What is Image Inpainting?
Image inpainting is a method for repairing damaged or missing pixels in images and has a wide range of applications. It’s not just about old photo restoration but also about enhancing photos, removing unwanted objects from photos, fixing old videos, and even generating art. In image inpainting, the primary workflow consists of two parts:
- The damaged or missing regions are identified using a binary mask.
- The missing pixels are filled by propagating information from the image’s neighborhood pixels or generating new pixels from learned features of the image.

You may have seen that your image editing app has a magic erase feature, right? You select the region you want to remove, and it’s magically removed from your photos within a few seconds. This is an image inpainting application where the marked region works as an image mask, and an image inpainting algorithm does the rest of the work. Sounds interesting, right? Nowadays, we have a variety of methods to inpaint images or videos, from classical computer vision methods to using GANs and DIffusers. As we learned above, they all work on the same principle under the hood. This article will go deeper into the Diffusers part, particularly the SDXL inpainting model.
You might be unfamiliar with the SDXL inpainting term. Don’t worry; we will explore it in detail throughout this blog. But before that, we will also try to get an overview of the other old techniques.

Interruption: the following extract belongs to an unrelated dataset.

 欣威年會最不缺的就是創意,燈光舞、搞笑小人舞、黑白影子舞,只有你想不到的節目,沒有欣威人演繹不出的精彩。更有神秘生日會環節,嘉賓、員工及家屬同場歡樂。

Image Inpainting – Classical vs Deep Learning
Using Classical Computer Vision
We have a variety of image inpainting techniques nowadays. But do you know it started way before the deep learning era? We can use classical computer vision methods to inpaint an image as well. OpenCV provides the cv2.inpaint
function out-of-the-box, which uses two popular image inpainting algorithms: Navier-Stokes and Telea (Fast Marching Method).
Navier-Stokes-based Inpainting:
In this method, the algorithm first tries to calculate the image gradients of image pixels around the mask region and get the direction of intensity change of pixel values. Then, it uses a PDE (partial differential equation) to update the image intensity inside the missing region. In simpler terms, it works like fluid flowing into an empty hole and filling it up. The algorithm tries to flow the pixel values into the damaged or missing parts using the direction of intensity change.

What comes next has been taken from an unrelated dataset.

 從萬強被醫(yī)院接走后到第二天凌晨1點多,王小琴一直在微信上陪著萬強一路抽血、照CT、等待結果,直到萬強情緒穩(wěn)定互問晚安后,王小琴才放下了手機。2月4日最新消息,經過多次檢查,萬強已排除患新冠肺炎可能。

Telea (Fast Marching Method):
This method uses a different approach to solve the same problem. After finding the intensity change direction of the masked region, it uses a weighted average over a known image neighborhood of the pixel to inpaint and update the intensity value on that pixel of the mask region.
We will not go into a detailed explanation of this right now, but you can explore our detailed article about image inpainting using OpenCV for a better idea.

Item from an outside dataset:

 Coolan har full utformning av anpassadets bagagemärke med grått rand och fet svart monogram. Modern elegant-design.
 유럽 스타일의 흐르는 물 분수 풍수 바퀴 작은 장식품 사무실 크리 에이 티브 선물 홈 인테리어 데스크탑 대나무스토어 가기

Image Inpainting using Deep Learning
Now, we will try to explore what-if we can train a neural network that replicates these classic computer vision algorithms and predicts the missing parts of an image to ensure that the predictions are both visually appealing and contextually appropriate.
CNN
This is where the Convolutional Neural Network(CNN) comes into the picture; it’s a specialized neural network that tries to extract and learn features from the non-damaged parts of the image through deep convolutional layers. CNN is the root of all high-level deep-learning architectures and models used for image inpainting nowadays.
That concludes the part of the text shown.